On the other hand, we have included in this Survey the imposition or threatened imposition of unilateral economic sanctions to encourage foreign governments and their nationals to modify their environmental practices, including fishery conservation practices and the preservation of sea turtles. Such sanctions are intended to achieve foreign policy goals, and not commercial or trade objectives.
Finally, we have excluded from this Survey sanctions that are imposed or threatened to be imposed to attain trade or commercial objectives. For example, the use or threatened use of trade sanctions under Section 301 of the Trade Act of 1974, as amended, to encourage foreign governments to provide market access for U.S. goods, is not included.
I. SANCTIONS TARGETED AT INDIVIDUAL COUNTRIES
A. International Emergency Economic Powers Act, as amended ("IEEPA"),
Pub. L. 95-223, Title II, 91 Stat. 1626 (October 28, 1977), as amended, 50 U.S.C.A. §§ 1701-1706 (West 1991 & Supp. 1996)Sections 202 and 203 of this Act authorize the President to take broad measures to regulate financial transactions and trade in order to "deal with any unusual and extraordinary threat which has its source in whole or substantial part outside the United States" to the U.S. national security, foreign policy, or economy of the United States. The President must first declare a national emergency.
Trade and financial transaction restrictions invoked under this Act are currently being applied as follows:
- Iranian Sanctions2
The Iranian Transactions Regulations, administered by the Office of Foreign Assets Control ("OFAC"), prohibit U.S. persons from engaging in certain activity related to the development of petroleum resources located in Iran. Exec. Order No. 12957 (3/15/95). The regulations also prohibit most activity, including brokering and financing, related to trade in Iranian goods and services. Exports of goods, technology, and services from the United States to Iran are prohibited. Reexports of certain U.S. origin goods and technology are also prohibited. Investments by U.S. persons in Iran also are prohibited. U.S. persons may not approve or facilitate the performance of any prohibited transaction by a foreign subsidiary of a U.S. firm. Exec. Order No. 12959 (5/6/95)3.
The OFAC Iranian Assets Control Regulations block all property of the Government of Iran and of the Central Bank of Iran within the jurisdiction of the United States. Exec. Order No. 12170 (11/14/79). These regulations have been modified, but the blocking of some assets continues today, and most transactions with respect to such property are prohibited.

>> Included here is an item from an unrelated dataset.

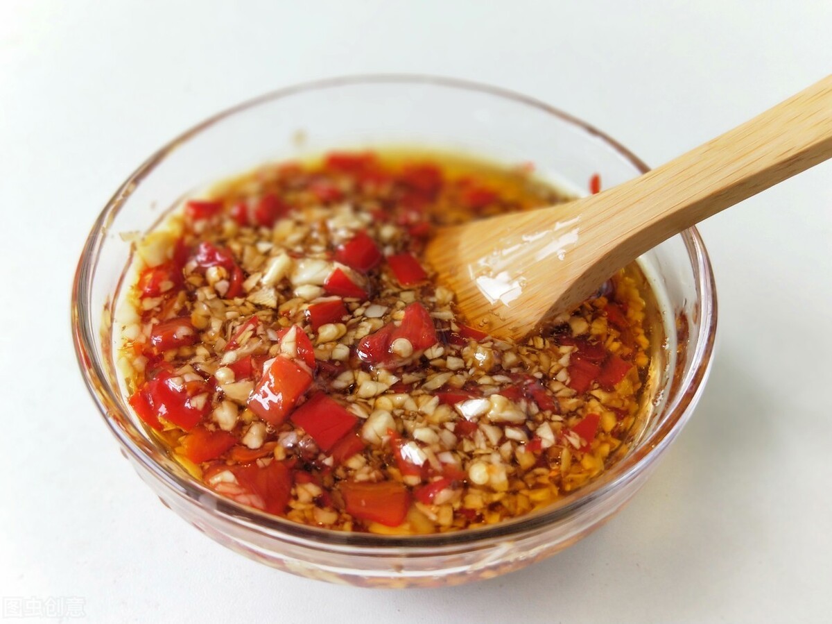 第一步,为了合理利用做饭的时间,在制作料汁之前锅中加入清水先烧开水。然后把葱、姜、小米辣、蒜切末,放到碗中依次放入生抽,盐,香油,白糖、五香粉搅拌均匀。再放一点老干妈和白芝麻继续搅拌均匀。锅内烧一些跟平时炒菜差不多量的油,油热之后浇在葱姜蒜上。刺啦刺啦的声音,蒜香、辣椒香的香味瞬间飘出来,特别好闻。

- Libyan Sanctions Regulations 4
Economic sanctions imposed on Libya include a prohibition on trade, transportation, travel to Libya, and extensions of credit to the Libyan Government. Exec. Order No. 12543 (1/7/86). The property and interests of the Libyan Government, and persons or organizations acting on its behalf, were also blocked. Most transactions with respect to blocked property are prohibited. Exec. Order No. 12544 (1/8/86). The regulations prohibit essentially all exports of goods, technology and services from the United States to Libya, either directly or through third countries. Exports of U.S. goods through third countries are permitted, except for application in the Libyan petroleum sector, if the goods will be substantially transformed in the third country, or will form part of the inventory of a distributor whose sales are not predominantly to Libya. Imports of Libyan origin goods into the United States also are prohibited, with minor exceptions.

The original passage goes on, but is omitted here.